[Scpg] a winter meditation on pruning...
LBUZZELL at aol.com
LBUZZELL at aol.com
Fri Jan 13 08:25:14 PST 2012
A WINTER MEDITATION ON PRUNING
Linda Buzzell
Winter and early spring are the seasons when many gardeners, orchardists
and farmers -- fancying themselves surgeons -- approach their trees, shrubs
and roses with knives, pruning shears and saws in hand, seemingly unaware
that these plants are, as the Buddhists would say, sentient beings.
Most pruning is less a conversation between two of nature's creatures and
more an act of ruthless domination under the guise of necessity.
For some reason over the last few millennia we have come to believe that
plants are unable to survive, bloom and fruit properly without human
intervention. And while much of the painstaking breeding and hybridizing by our
ancestors has provided us with an extraordinary variety of edible plants, it
may be time to question some of the time-honored Western methods of plant
care.
What's shocking to many people is that scientific research is beginning to
reveal the utter lack of necessity for most of the one-sided surgery we
call pruning. For example, a British study showed that rose bushes pruned
with hedge clippers yielded as many flowers as those carefully manicured with
hand pruners - and that roses left alone yielded still more!
Where did we get the arrogant idea that we know better than the plant
itself how to maximize its productivity and health? Such a strange notion, when
you think about it... perhaps part of the larger delusion that nature is
here merely for us to exploit without thought of the damage we may be doing
to individual living beings or our biosphere.

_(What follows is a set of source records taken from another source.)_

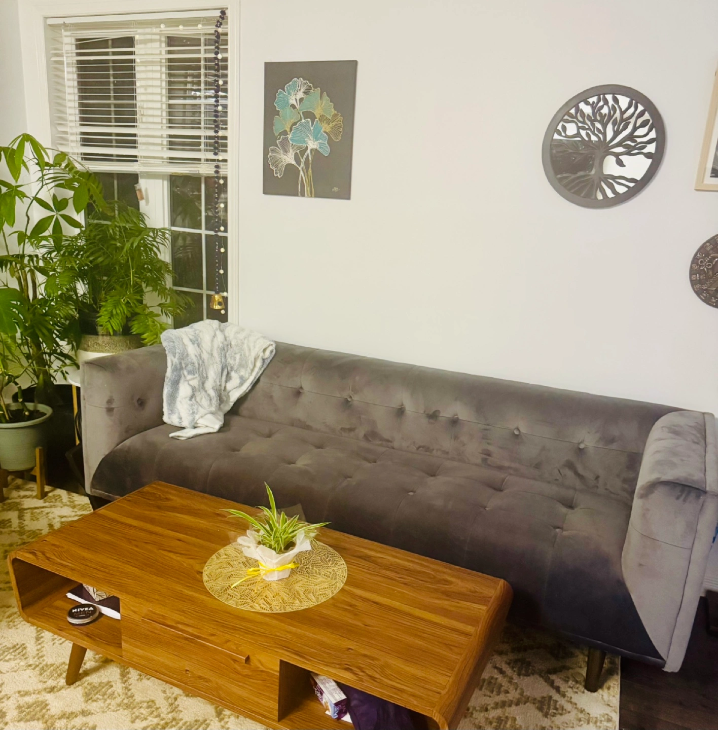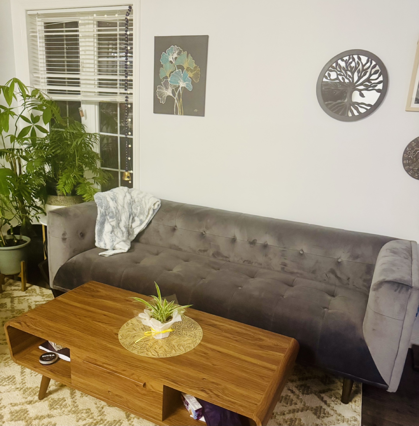 Cozy & Comfortable 3 seater grey velvet couch, perfect for small spaces. Gives a modern minimalistic vibe to your space.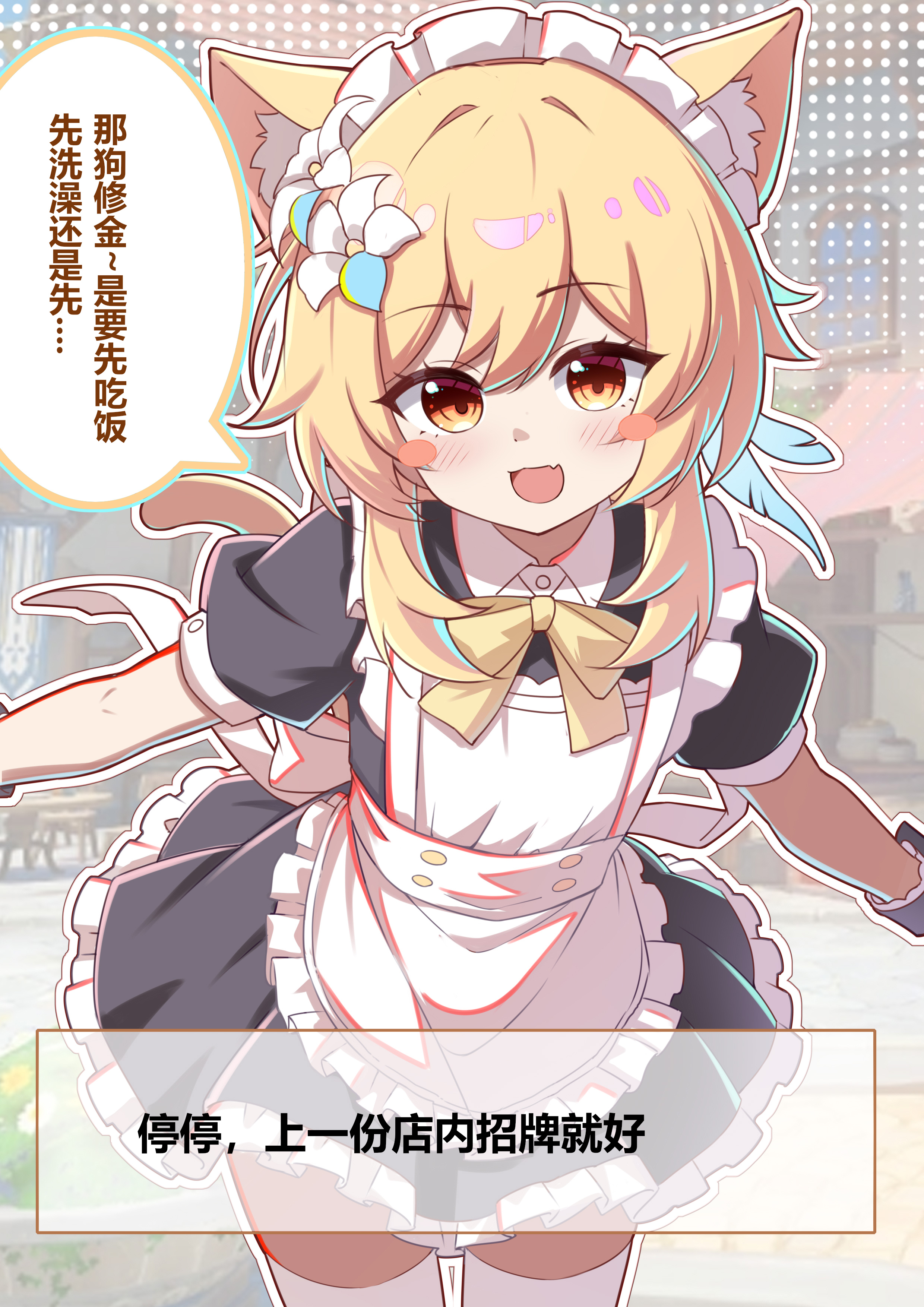 1girl :d absurdres alternate_costume animal_ear_fluff animal_ears apron black_dress blonde_hair blush cat_ears cat_tail chinese_commentary commentary_request dress enmaided fang flower frilled_apron frilled_hairband frills genshin_impact hair_between_eyes hair_flower hair_ornament hairband highres kemonomimi_mode leaning_forward lumine_(genshin_impact) maid maid_headdress open_mouth orange_eyes short_hair_with_long_locks skin_fang smile solo tail translation_request variant_set white_apron white_flower white_hairband yaoli_(ysxbd)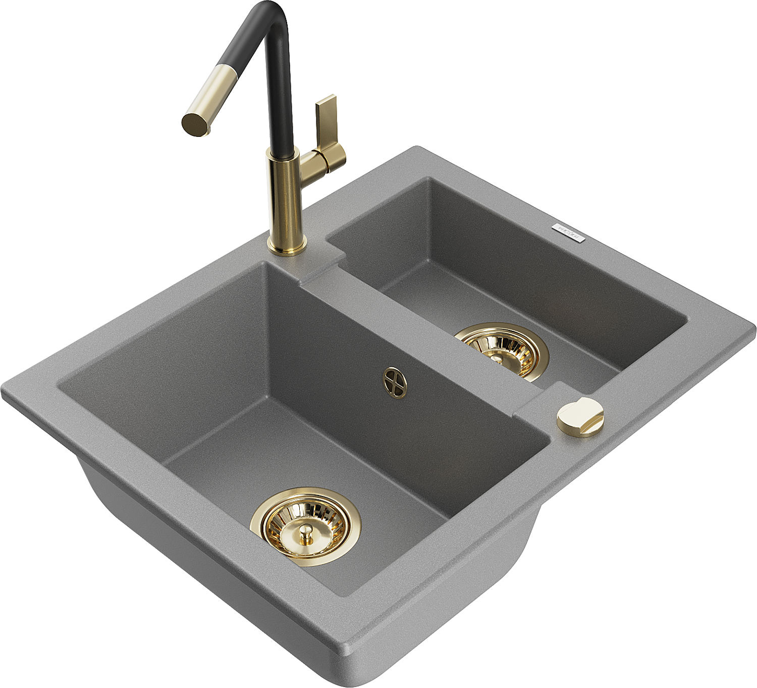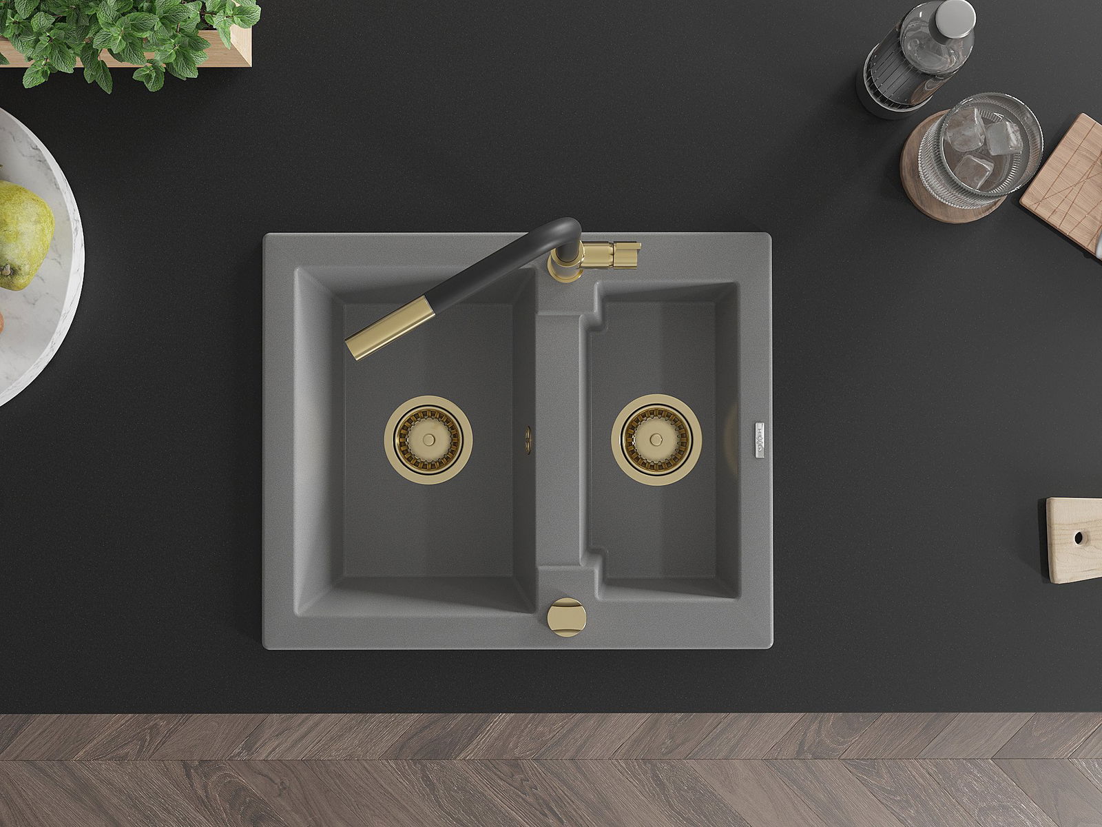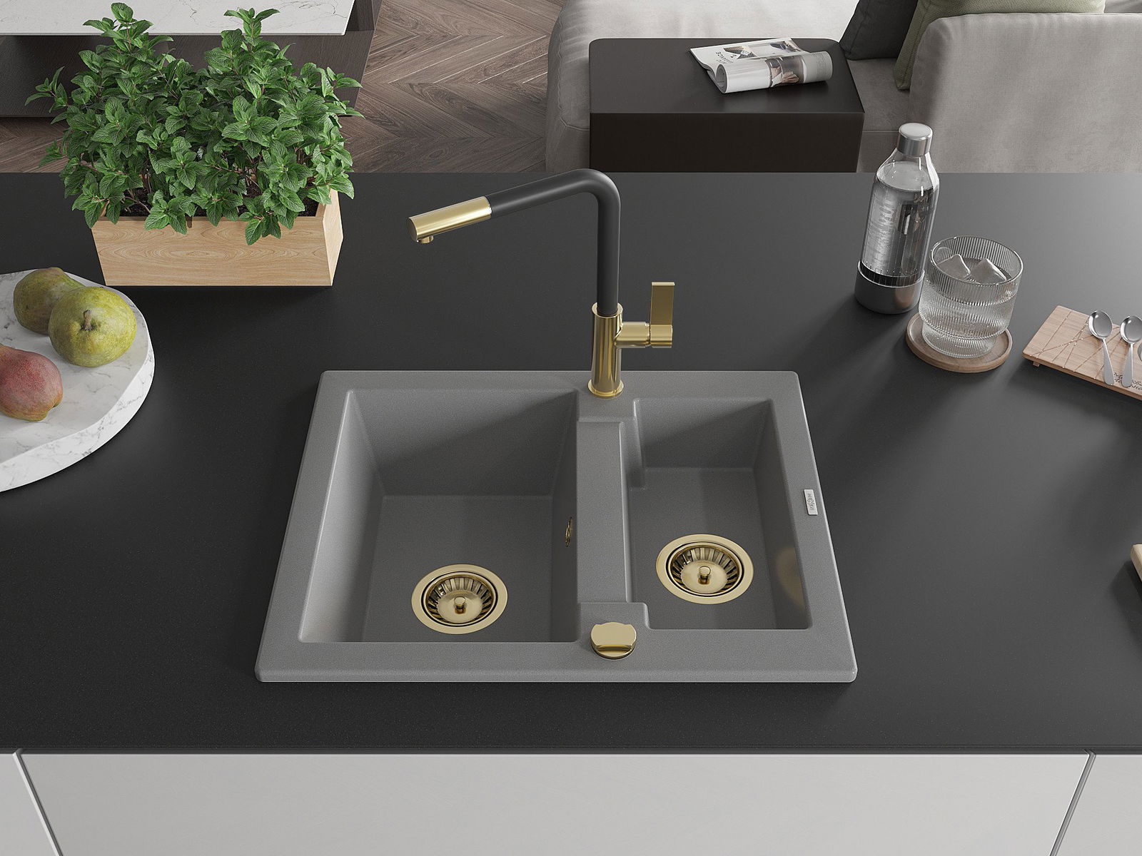 Mexen Carlos évier en granit 1,5 bac avec robinet de cuisine Flora, gris - 6518-71-670401-57-G

So when might our pruning interventions actually be helpful rather than
hurtful? And for whom?
The first principle of permaculture is "observe and interact" - admirable
advice in the present instance. Taking time to respectfully see how the
plant itself intends to grow, bloom and fruit allows us greater insight into
if, how and when to intervene.
Vintage Gardens Nursery's Gregg Lowery, heritage rose expert
extraordinaire, points out that mostly we prune for our own reasons that have nothing
to do with the plant in question. It's a one way conversation. For instance,
we may prune to make a plant look better to our eyes, our sense of what's
beautiful or "tidy." Or we may need to prune for space, when a tree or bush
begins to outgrow its allotted place - probably because we made the
mistake of not allowing for full, natural growth when we planted it - our error,
not the plant's!
Rather than remove such a plant entirely, we may need to first apologize,
and then gently shape it. Not just to suit our ideas of aesthetics
(again, to please us, not the plant), but hopefully to benefit both the plant and
our space needs.
If so, we might want to observe that traditional pruning times and methods
were usually designed for Northern conditions, to protect a tender plant
from winter frosts. In a warm-winter climate this isn't necessary, and yet
many of us who live in Mediterranean climate zones dutifully hack away at
our roses in usually-wet winters, reducing them to stubs and weakening them
with radical surgery. In fact, it's usually better to do any pruning for
size in the summer if possible, when lack of rain may ensure more sanitary
conditions.
This whole "do no harm" philosophy of pruning owes a great debt to
Japanese philosopher-farmer Masanobu Fukuoka, author of a hugely influential book
called One Straw Revolution, who advocated what he called "natural farming"
or what some have dubbed "The Zen of Farming," in which we refrain from
digging, cutting or intervening unnecessarily in natural soil and plant
systems which we truly don't understand. We also may need to refine our view of
what's beautiful, to appreciate nature's own gardening style rather than
the control-heavy European aesthetic.
If we do prune, perhaps we might initiate a respectful dialogue with our
plants and trees, rather than a monologue. What might be helpful to the
plant? Perhaps the removal of a dead or diseased limb? A limb that is
rubbing against another in the wind? A sucker from below the graft (if we have a
grafter plant) that is draining energy from the top growth?
Observation is the key. And listening. If we take the time to really get
to know our plants, they will guide us in our care for them.